Tuesday, April 11, 2017

"When breath becomes air"

I have been haunted by the book "When breath becomes air." No book has made me ponder about life and death that much. No book has left me in tears that much. I listened to it once. When i listened to it again, my eyes still got wet. Everyone has to face death at one point but some deaths are extremely cruel.

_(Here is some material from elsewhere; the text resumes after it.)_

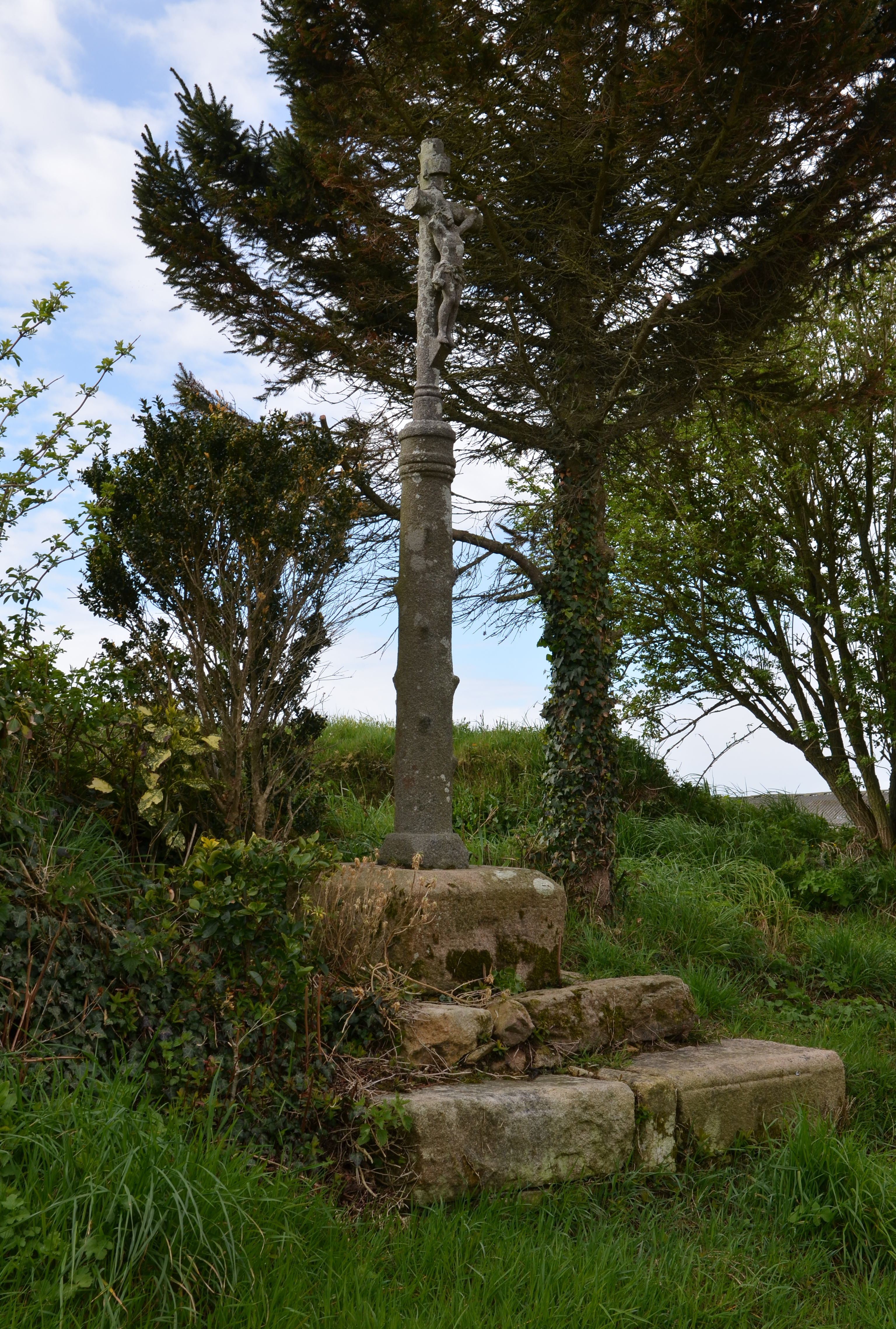 Kermaria-Sulard, carrefour de Porz Bodiou et du chemin de Kerdaniou : croix de chemin dite "Croix Rallec" (2e moitié 19e siècle). On peut lire l'inscription "LANNION LEMEUR" sur le fûtImmatriculation

The book is a memoir of a neurosurgeon, Paul Kalannithi, who faced an early death from lung cancer.  Paul was a gifted resident at Stanford. He served as a chief of residency and got offered by the University of Wisconsin for a dream job as a head of neurology Department with a million dollar offered for his research when he was close to the end of his residency. Paul went through a long and painful journey to find the meaning of his life and embrace death, in particular when he transformed from a neurosurgeon into a dying patient with a very short time to live. Just right when he was about to graduate his residency to spread his wings, start his career out of training, and start a family with his wife, he got diagnosed with improbable lung cancer. Through his residency at Stanford, he learnt to face and accept the mortality when a disease was not curable.  He also had to face death of his gifted co-worker who committed suicide after a complicated case. However things were different when he had to face his own death. One day he was a doctor treating the dying one day and became a patient struggling to live the next day. Through his disease, he found the meaning of his life again. He followed his calling to be a neurosurgeon, and to continue saving patients through his sickness. He collapsed with exhaustion and pain from work at home every night but he stood up again the next day. He always referred back to his favorite quote "I can't go on. I'll go on" when needed.  The day he graduated from his program was the day he had to hang up his white coat forever. It was the last day he practiced medicine. It was the day he was about to die.

It was a long and brutal journey for him to get to the point in which he had to accept his death, and to eventually tell his wife that "he was ready." Ready to die. Paul died in 2015 at the age of 37 when his daughter was 8 months old. The book was completed posthumously.

 Paul bravely unpacked his life story to tell us how to live and how to die. Paul's story successfully tells me that time is infinite but limited to every one. Don't let it slip away. Make sure you know how to use your time meaningfully so you won't regret it later.
As the book says 'What happened to Paul is tragic but he is not a tragedy." Paul died but he left a legacy of love, inspiration, passion, and compassion.  His words continue to live on.

 "Life is not about avoiding suffering; It's about creating meaning".  

One day, I will gift Ryan this book!